### Data section

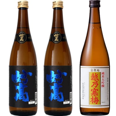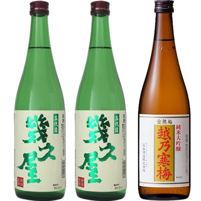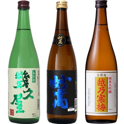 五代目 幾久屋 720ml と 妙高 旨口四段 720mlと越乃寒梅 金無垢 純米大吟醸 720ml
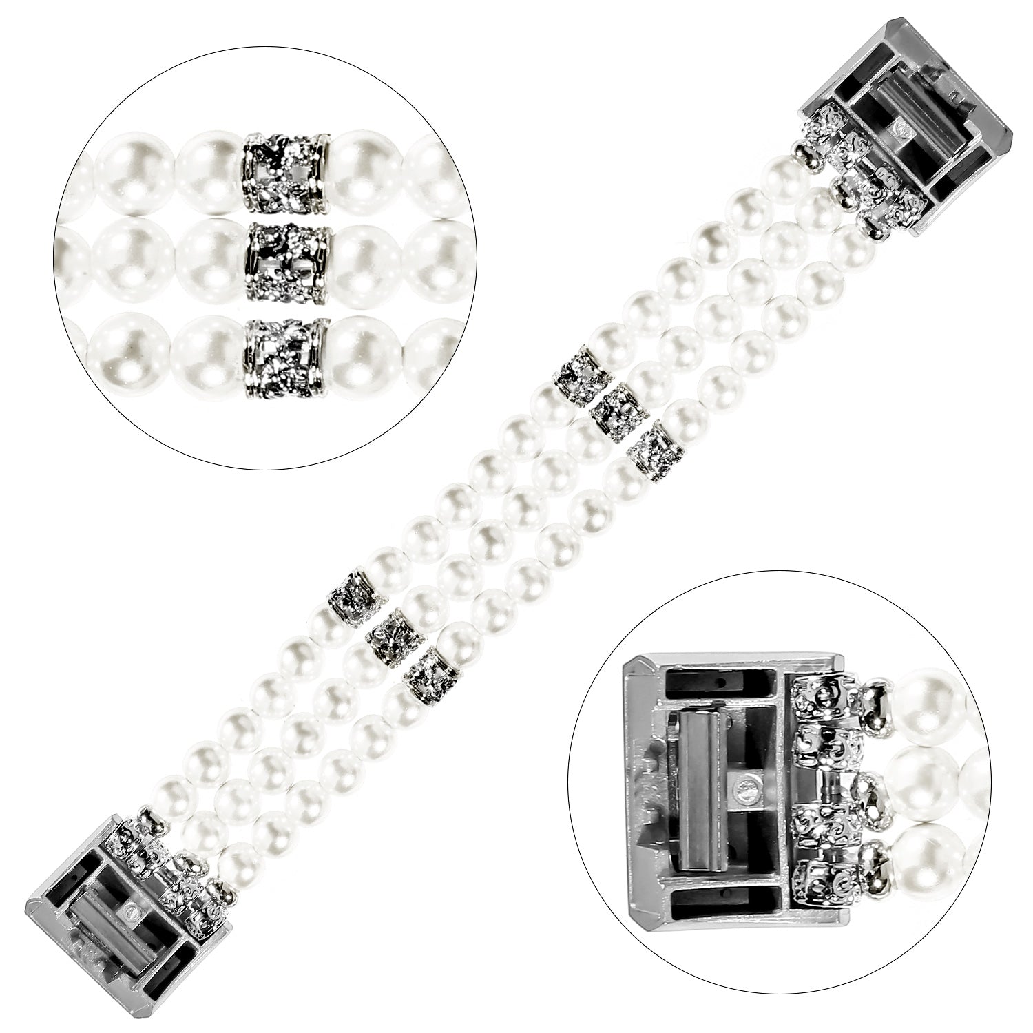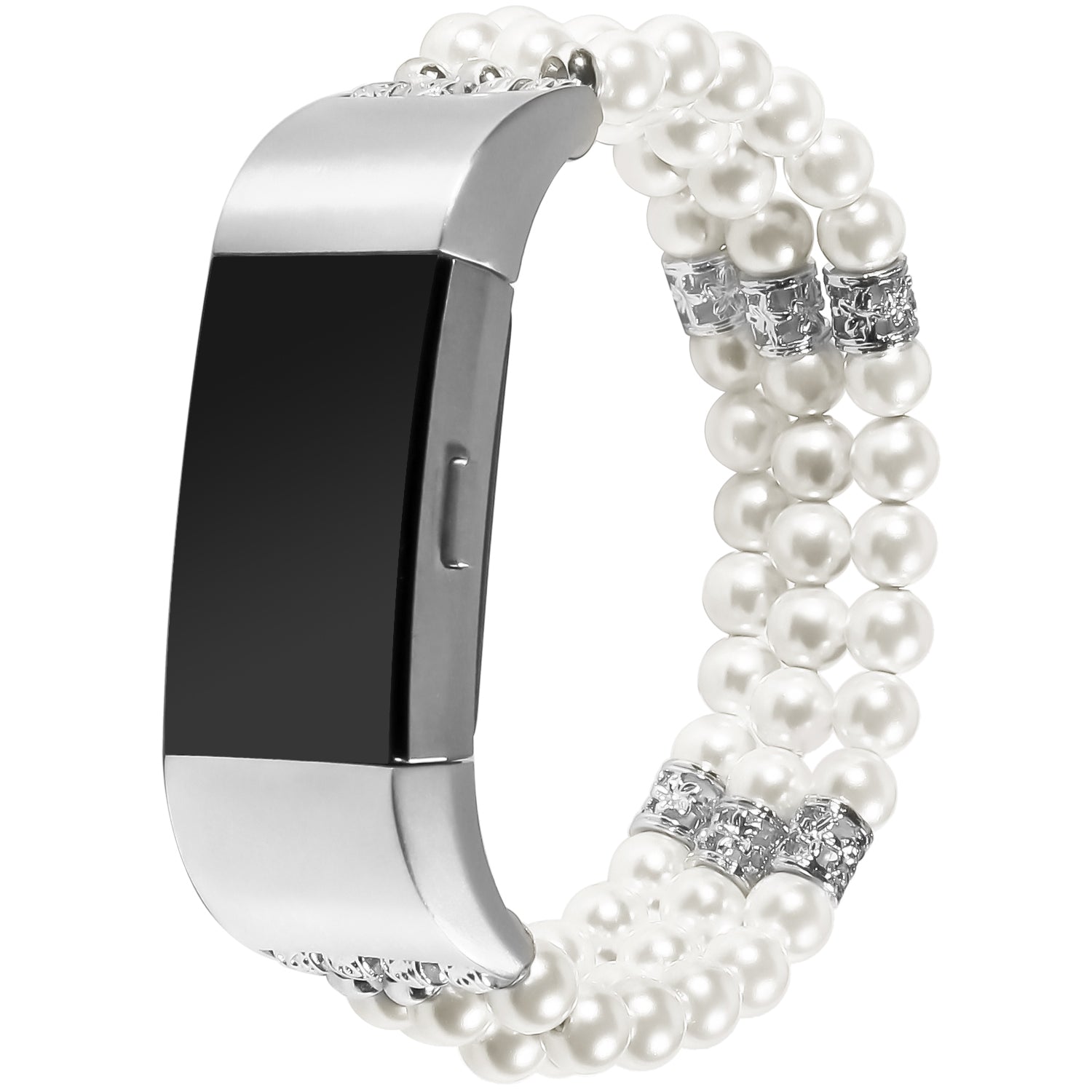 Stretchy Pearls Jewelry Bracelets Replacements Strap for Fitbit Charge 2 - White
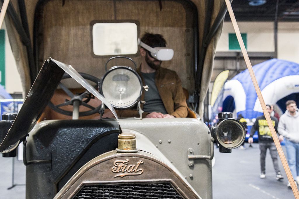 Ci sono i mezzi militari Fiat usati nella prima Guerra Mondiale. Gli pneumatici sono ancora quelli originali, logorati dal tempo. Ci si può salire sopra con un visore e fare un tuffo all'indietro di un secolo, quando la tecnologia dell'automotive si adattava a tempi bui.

### Activity
In transcribing the listing, keep each word as it is and drop the pictures.

### Answer for the task
 五代目 幾久屋 720ml と 妙高 旨口四段 720mlと越乃寒梅 金無垢 純米大吟醸 720ml
 Stretchy Pearls Jewelry Bracelets Replacements Strap for Fitbit Charge 2 - White
 Ci sono i mezzi militari Fiat usati nella prima Guerra Mondiale. Gli pneumatici sono ancora quelli originali, logorati dal tempo. Ci si può salire sopra con un visore e fare un tuffo all'indietro di un secolo, quando la tecnologia dell'automotive si adattava a tempi bui.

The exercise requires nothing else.